[[ Task data, beginning ]]
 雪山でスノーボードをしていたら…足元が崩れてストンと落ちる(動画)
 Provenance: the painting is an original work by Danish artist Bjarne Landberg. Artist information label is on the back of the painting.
[[ Task data, end ]]
[[ Task data, beginning ]]
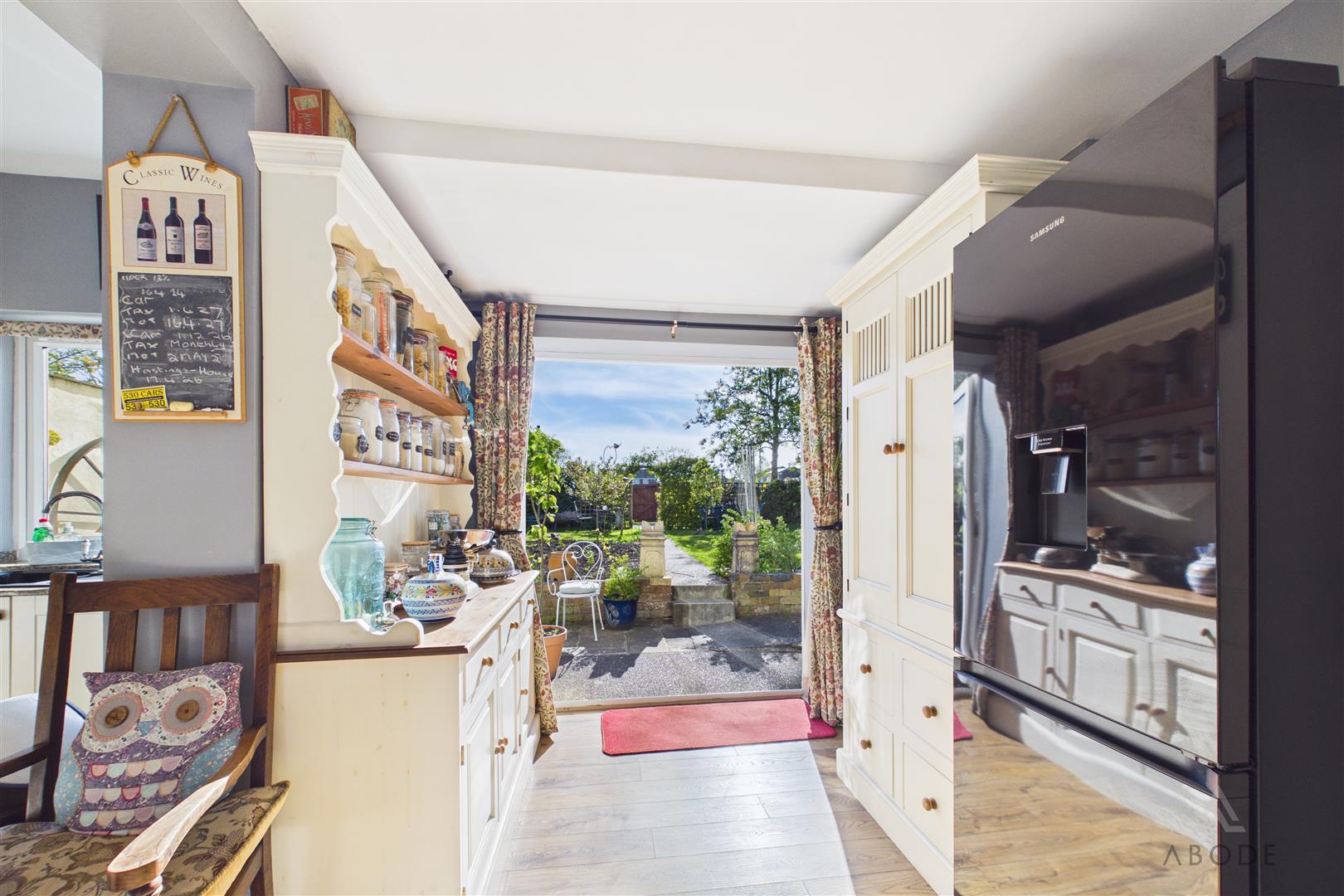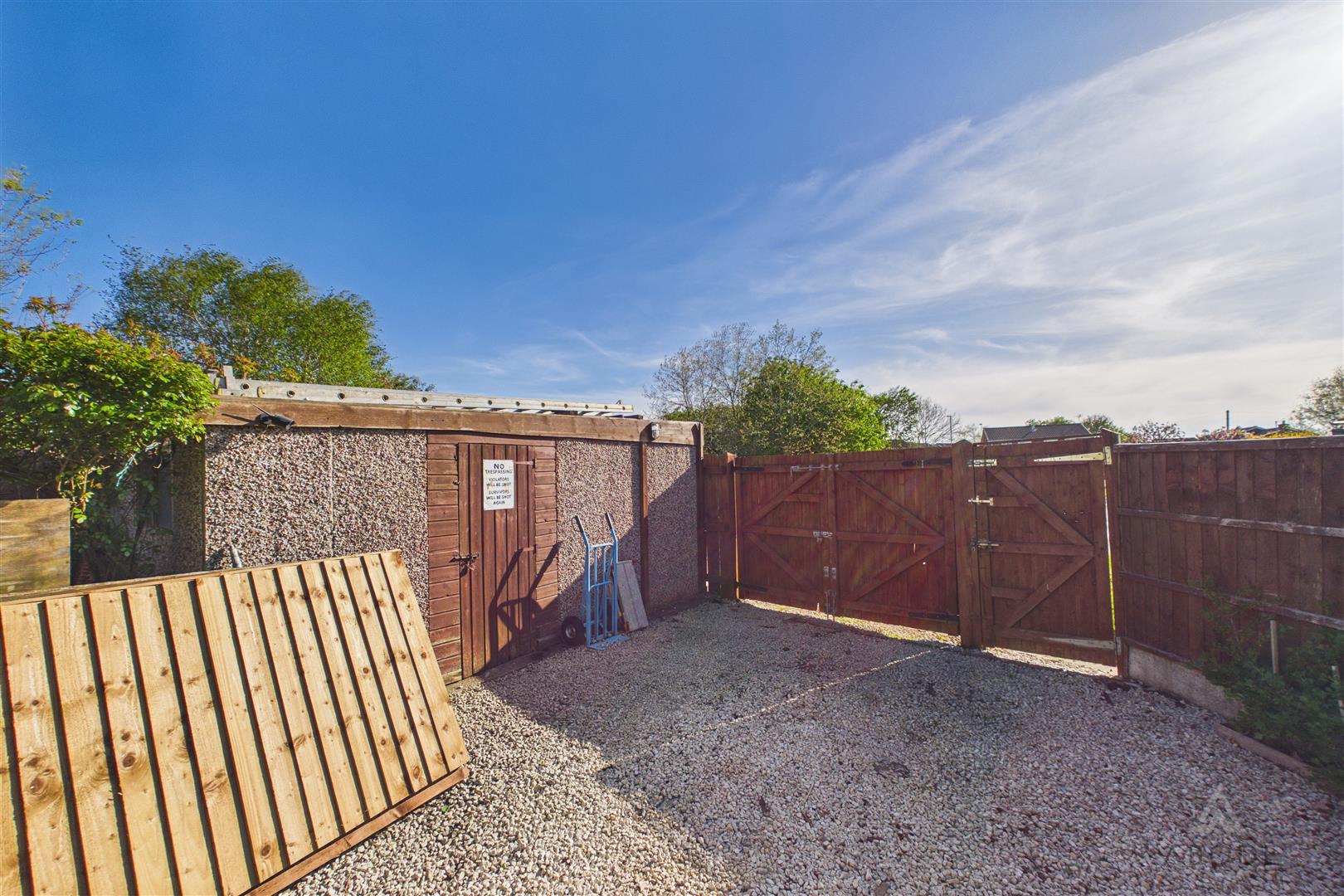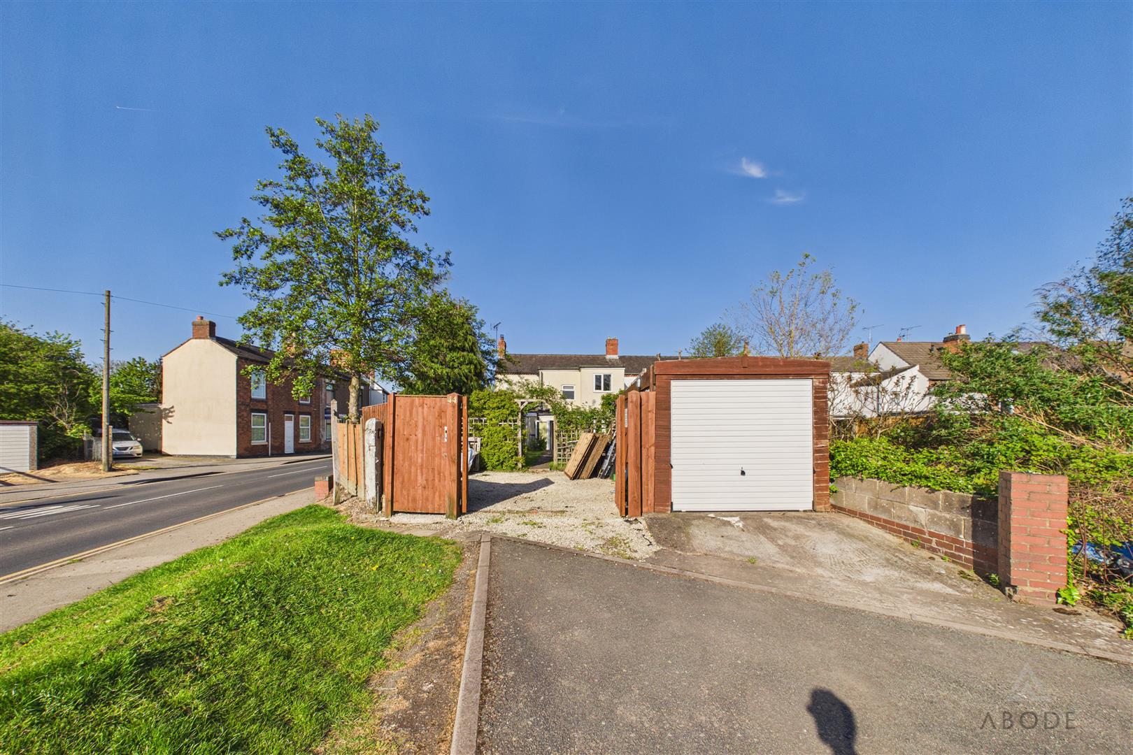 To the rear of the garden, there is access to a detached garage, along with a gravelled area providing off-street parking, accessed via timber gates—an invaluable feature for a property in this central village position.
[[ Task data, end ]]
> Work instruction
From the records above, print only the lines between the one holding "雪山でスノーボードをしていたら…足元が崩れてストンと落ちる(動画)" and the one holding "Provenance: the painting", inclusive, exactly as they stand.

> Result below
 雪山でスノーボードをしていたら…足元が崩れてストンと落ちる(動画)
 Provenance: the painting is an original work by Danish artist Bjarne Landberg. Artist information label is on the back of the painting.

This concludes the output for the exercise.